Белок-фьюз из S-Layer SgsE и mCitrine
S-layers - «кристаллический» поверхностный слой некоторых архебактерий, содержащий множество белковых мономеров. На границах фаз, в растворах и на разных поверхностях эти белки способны образовывать различные решетчатые структуры. Геометрия структур определяются с помощью C-терминального домена, ответственного за само-сборку и специфичного для каждого белка.
Белки могут использоваться как «скаффолд» для различных нанабиотехнологических нужд – например, при образовании фьюзов доменов само-сборки с другими функциональными белковыми доменами.
Источник: http://parts.igem.org/Part:BBa_K525305
Разработчик: Timo Wolf Группа: iGEM11_Bielefeld-Germany (2011-09-10)
Выделение плазмидной ДНК
Проводилась трансформация клеток E. coli, штамм Nova-Blue (Novagen). Снятую с агара бактериальную колонию выращивали в среде LB (200 мл) в течении 18 часов. Выделение плазмидной ДНК проводили щелочным лизисом. Дополнительно обрабатывали полученную плазмидную ДНК РНКазой, проводили фенол-хлороформную экстракцию и осаждение этанолом.
Определение концентрации
Методом горизонтального электрофореза (рисунок 9-1, дор.1). Нанесение 1 мкл плазмидной ДНК. Длина линейной формы плазмиды 5199 п.н.

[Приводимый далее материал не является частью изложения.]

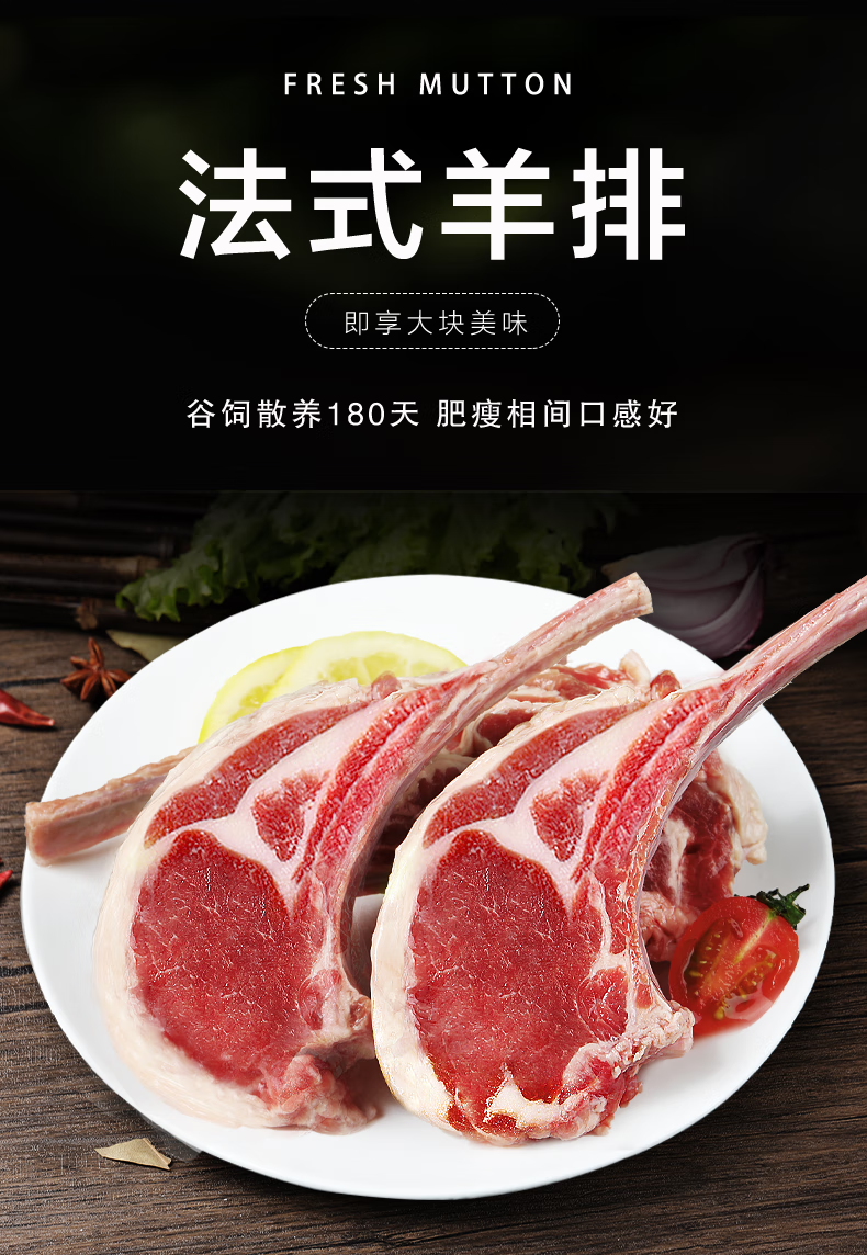缤鲜 内蒙原切羊排新鲜烧烤烤肉食材 法式羊排新鲜羊肉 战斧羊排商用 【原切精修羔羊小切】2斤净重

Рисунок 9-1. Электрофореграмма плазмидной ДНК. М – маркерная лестница p250 (250, 500, 750, 1000, 1500, 2000, 2500, 3000 п.н.).
Рестрикционное картирование
Рестрикционное картирование проводили с помощью эндонуклеаз рестрикции EcoRI, PstI. Разделение продуктов реакции проводили методом горизонтального электрофореза в 1,5% агарозном геле (рисунок 9-2, дорожка 1).Ожидаемая длина фрагментов 2029 п.н., 3170 п.н.
Рисунок 9-2. Электрофореграмма продуктов рестрикции. М – маркерная лестница p250 (250, 500, 750, 1000, 1500, 2000, 2500, 3000 п.н.).